YOUR TASK
All records below are to be transcribed exactly, with every picture left out.

SOURCE MATERIAL
=== Begin Enclosure ===

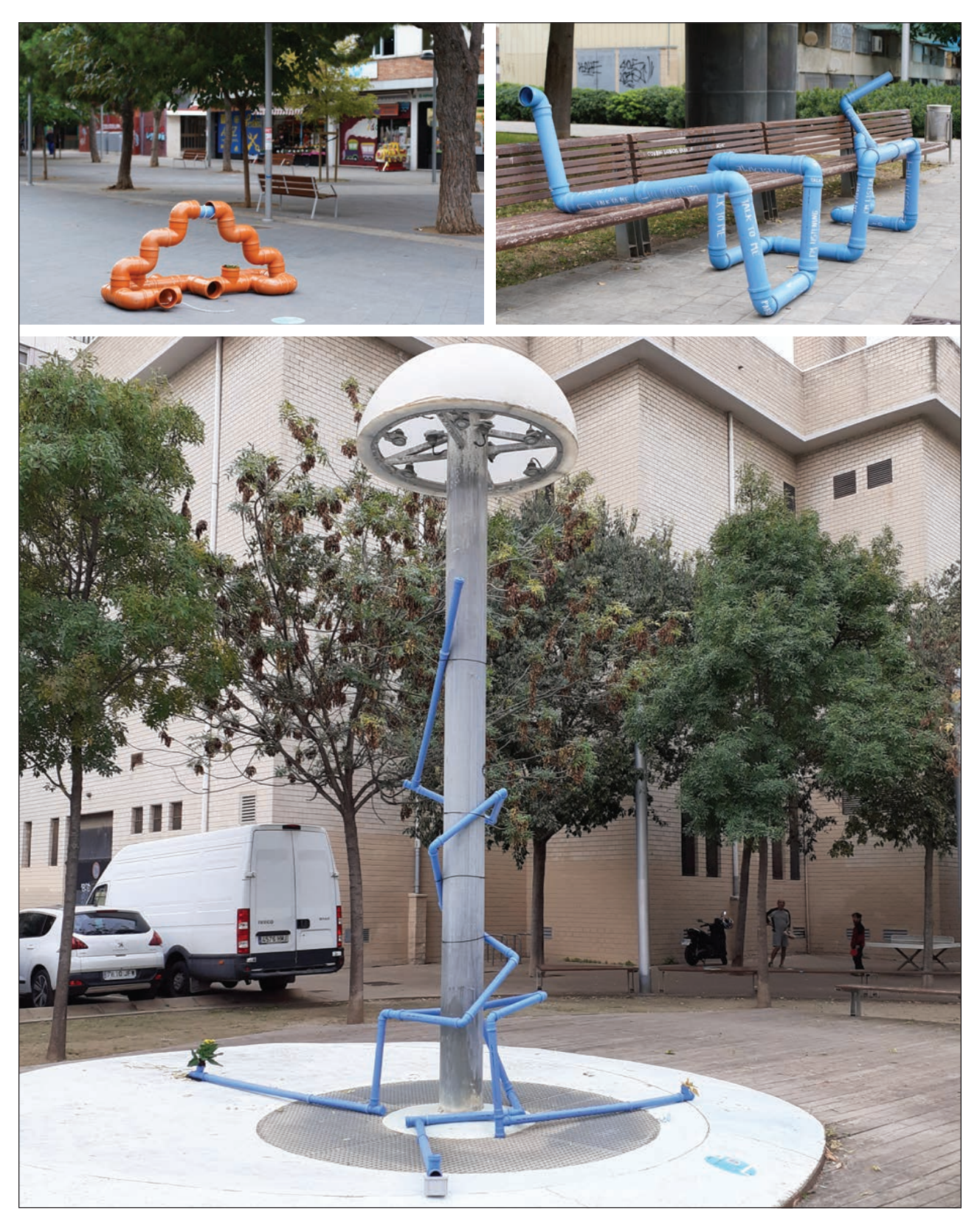
Figure 2: A collective artistic installation in the city of L'Hospitalet (Barcelona, Spain) made by students from the School of Architecture La Salle and high school pupils from secondary schools of the Bellvitge neighbourhood, to create a new sense of place in public spaces.
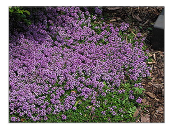
Purple Carpet Creeping Thyme in bloom
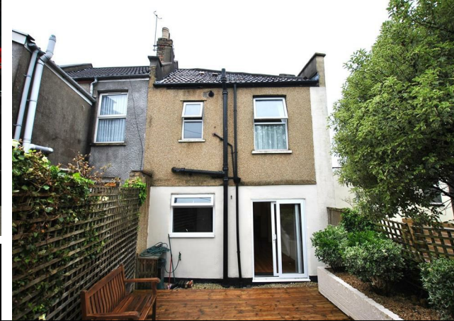
Fairfield Place, Southville
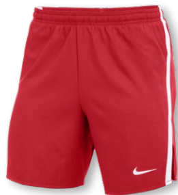
NIKE STOCK FAST 7IN SHORT CV2941 Page 49
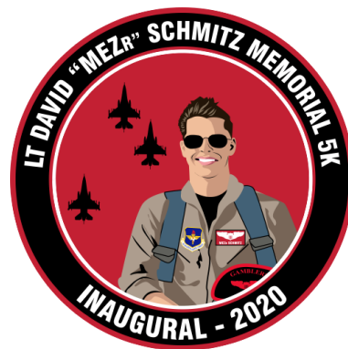
Commemorative 2020 5K Patch
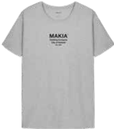
921 LIGHT GREY
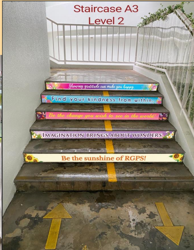
Staircase A3 Level 2

=== End Enclosure ===

ANSWER
Figure 2: A collective artistic installation in the city of L'Hospitalet (Barcelona, Spain) made by students from the School of Architecture La Salle and high school pupils from secondary schools of the Bellvitge neighbourhood, to create a new sense of place in public spaces.
Purple Carpet Creeping Thyme in bloom
Fairfield Place, Southville
NIKE STOCK FAST 7IN SHORT CV2941 Page 49
Commemorative 2020 5K Patch
921 LIGHT GREY
Staircase A3 Level 2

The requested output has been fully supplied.